This Sunday, Southern Oregon University will reach a milestone in its history, as Nov. 4 marks the 140th anniversary of the day the school opened.
“November 4, 1872 was a pretty darn important day,” said Mary Cullinan, who has been serving as president of SOU for the past six years. “Ever since, there have been tons of changes, but the commitment has remained the same.”
In 1872, the school was begun by a small group of Ashland residents, among them the Rev. Henry Skidmore of Oregon Methodist Episcopal Church, and was first named Ashland Academy. In the 140 years since, the school has gone through a total of eight name changes, among them Southern Oregon College in 1956 and Southern Oregon State College in 1975.
The school first became part of Oregon’s then-new higher education system in 1926, at which time it was called Southern Oregon State Normal School and was attended by a total of 273 students. This was also the year Churchill Hall became the first building on the campus’s new location. Cullinan described Churchill Hall as the only historical “footprint” remaining on the campus today.
The school first made the transition from being a college to being a university in 1997, when it became Southern Oregon University.
“Moving from being a college to being a university was a huge change,” said Cullinan. “We are no longer a little college. That’s really significant.”
Cullinan described the ways in which the school transformed the cultural life of the rural community in which it started, a change Cullinan says would likely not have happened without the school’s presence.

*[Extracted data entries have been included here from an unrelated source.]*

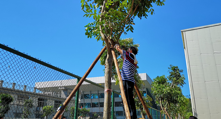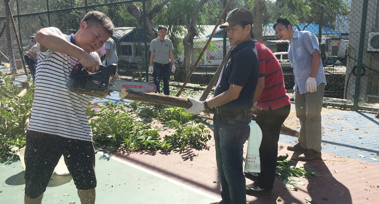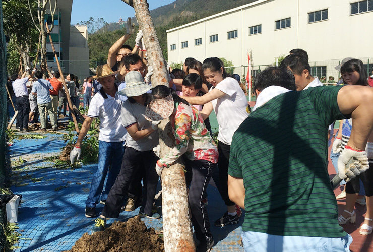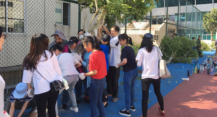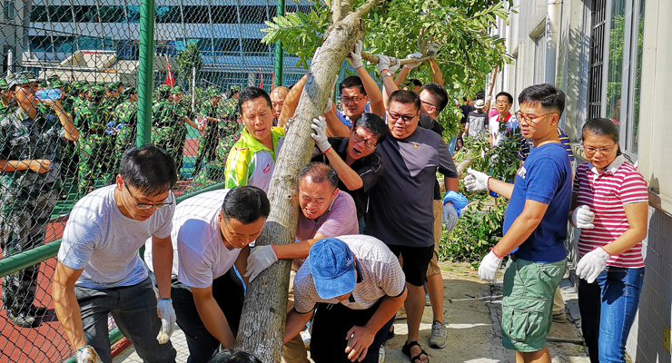 此前,超强台风“山竹”以远超预期的威力一路杀进校园,给校园造成极大的破坏。扶正、种好被风刮倒的树木,是灾后重建的其中一项紧迫任务。在学校的统一调度下,机关成为承担这项任务的重要力量之一。
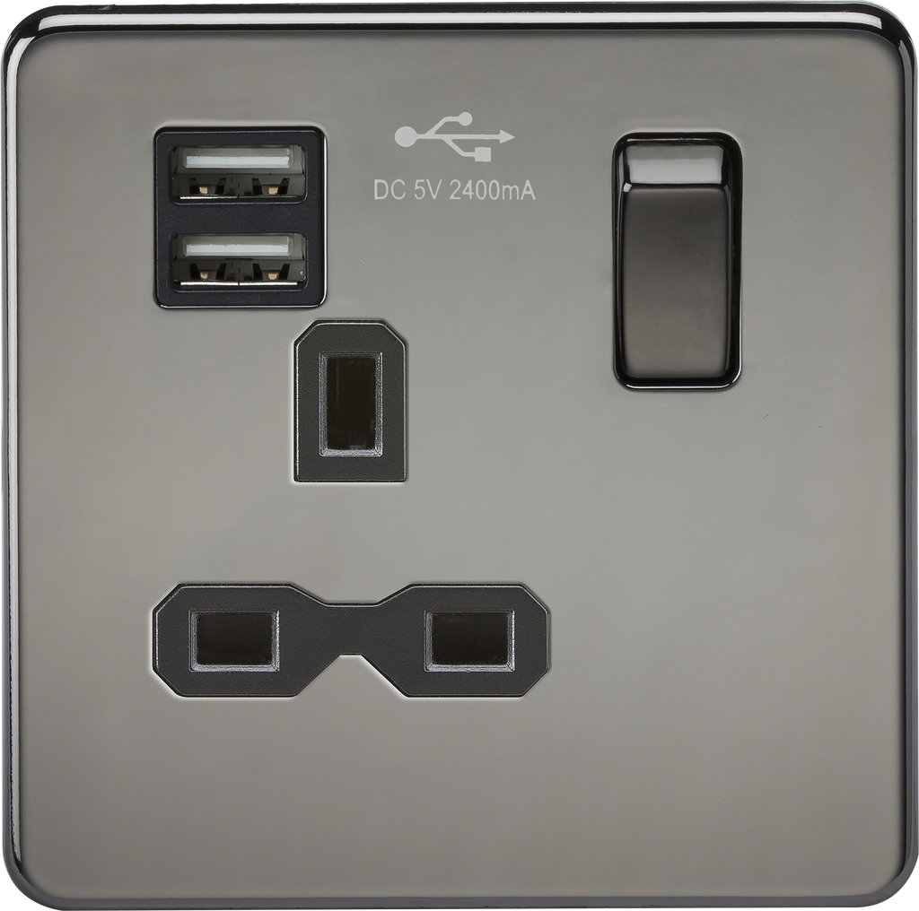 1G 13A Screwless Black Nickel 1G Switched Socket with Dual 5V USB Charger Ports - Black Insert
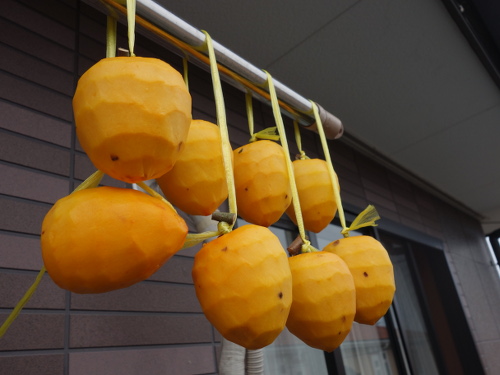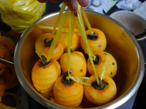 1個だけ横になっているのが果柄が取れていた柿。中に紐が貫通しています。
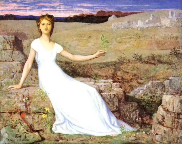 莱顿还画了一幅站立在海边的宁芙,取名《宁芙的海岸》,朝阳初升,一位白衣少女,侧靠在大海的岩石上,眼神平静如水,温柔精美,背后是深蓝的大海和逐渐染红的天空!画家借海宁芙女神,描绘了此时平静的海面!
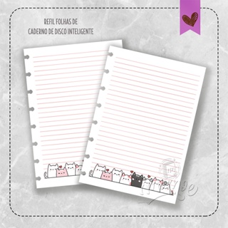 Refil de Folhas Caderno de Disco Inteligente Gatinhos Cute MOD. 01 Tamanho A5 Médio Grande
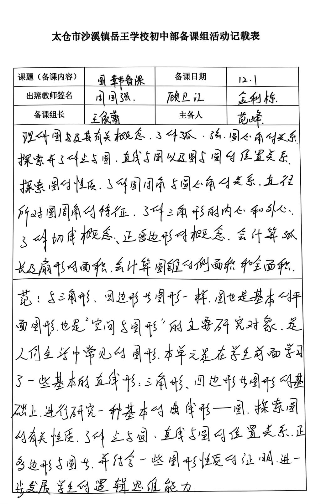 (品牌建设)构建生长课堂2025-2026第一学期,中学数学组第八次备课组活动——圆章节备课
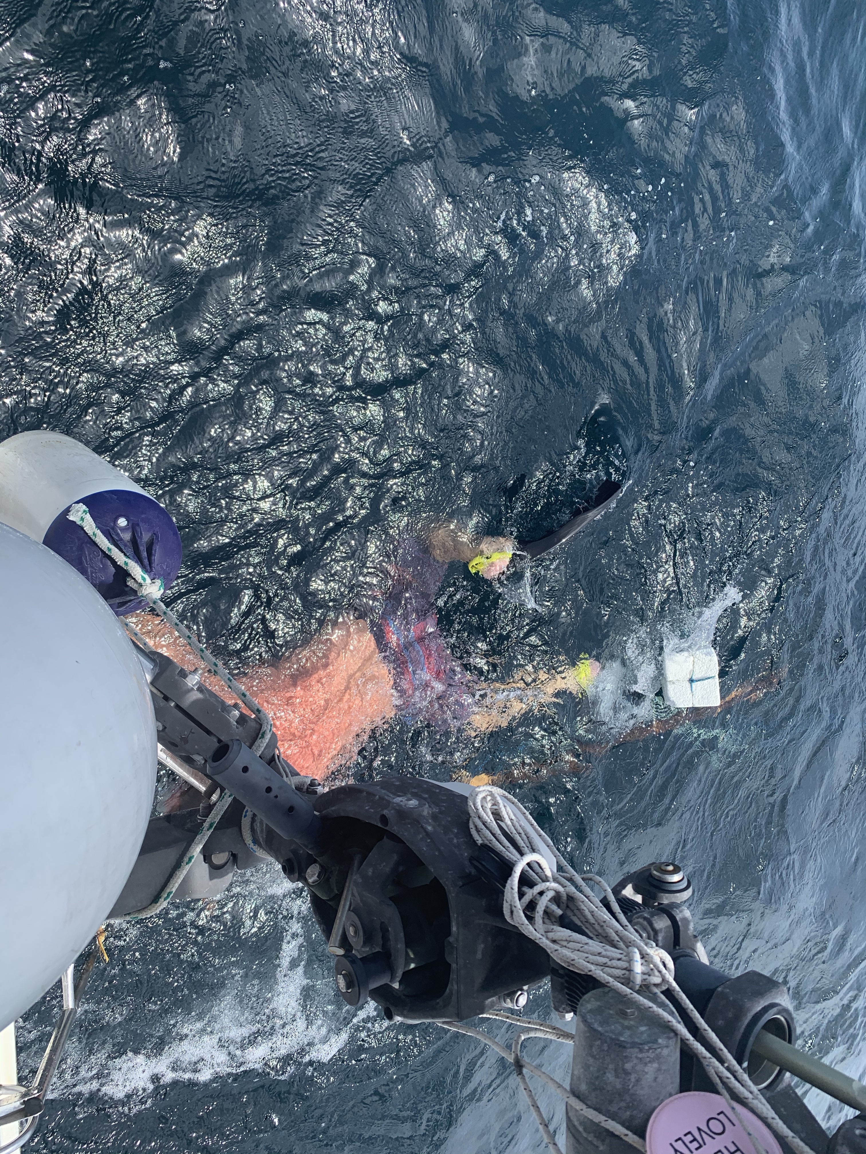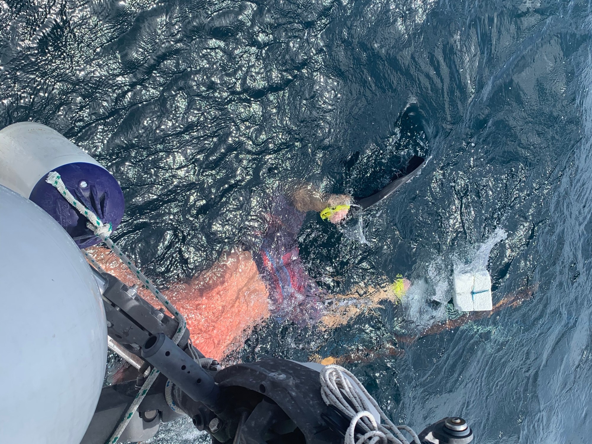 Jack jumped into the water to cut it free. He said the water, dive thousand metres deep at this point, was eerily grey under the surface. Luckily the rope was trailing from Quest’s rudder which is just at the back of Quest – and not wrapped around her propellor. That would have been trickier – and deeper to sort out. He took a paring knife and quickly cut.
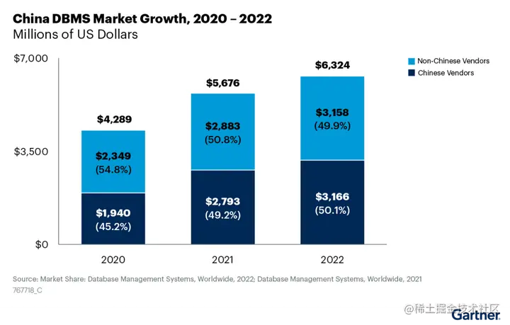 数据显示,2022年中国 DBMS 市场规模增长至63.24亿美元,较2021年同比增长了11.4% 。2022年,中国供应商的市场份额增至50.1% ,首次超过50%。
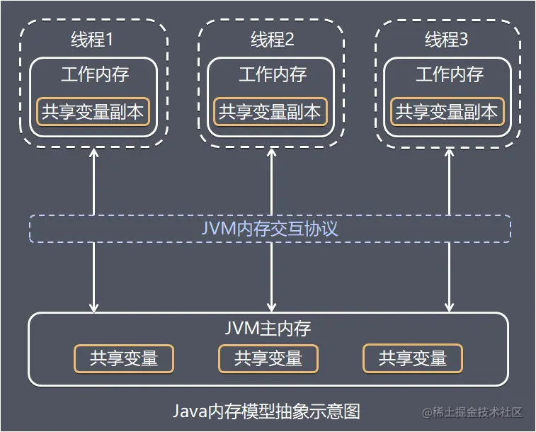 ②工作内存: 每条线程都有自己的工作内存(Working Memory,本地内存),线程的工作内存中保存了该线程使用到的变量在主内存中的共享变量的副本。工作内存是 JMM 的一个抽象概念,并不真实存在。它涵盖了缓存,写缓冲区,寄存器以及其他的硬件和编译器优化。
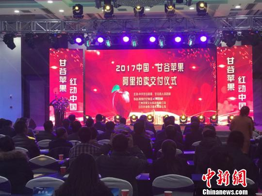 资料图:2017年11月11日,甘肃省大宗农产品网络拍卖在甘谷县举办。在为期9天的拍卖会上,成交苹果148.6吨,成交金额95万元。 王佳伟 摄
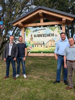 Die Erdarbeiten wurden vom örtlichen Bauhof durchgeführt, während die Zimmerarbeiten von der Firma Grund + Metzler übernommen wurden, bei Layout und Druck unterstützte Christian Decker. Die Wahrzeichen von Haintchen, die Kirche aus dem Jahr 1750 und das alte Schulgebäude von 1843, umrahmt von Wald und Wild, sind auf den Schildern zu sehen. Dieses Projekt wurde durch einen großzügigen Zuschuss von der Jagdgenossenschaft Haintchen ermöglicht.

“Our faculty was responsible for starting the Shakespeare Festival, the Rogue Opera, the Cabaret Theatre, the Rogue Valley Symphony, every cultural institution you can think of,” she said. “These have all been tremendously supported by our faculty and students.”
Jim Beaver, SOU’s director of interactive marketing and media relations, said he imagines the hypothetical scenario in which the school was never built as being “like what happened to George Bailey in ‘It’s a Wonderful Life.’”
The annual summer Oregon Shakespeare Festival, one of the largest theater companies in America, had humble beginnings. It started out as a small summer Shakespeare program in 1935, created by faculty member Angus Bowmer when the school was known as the Southern Oregon Normal School.
The Rogue Valley Symphony Orchestra, founded by Southern Oregon College music professor Frederick Palmer, made its debut performance in 1967. Nine years later, SOC music professor Ray Tumbleson created the Rogue Opera, whose purpose was to utilize local talent to present high quality opera to regional audiences. The Oregon Cabaret Theatre, which now produces over 250 performances per year, was built by Southern Oregon State College theatre professor Craig Hudson in 1982.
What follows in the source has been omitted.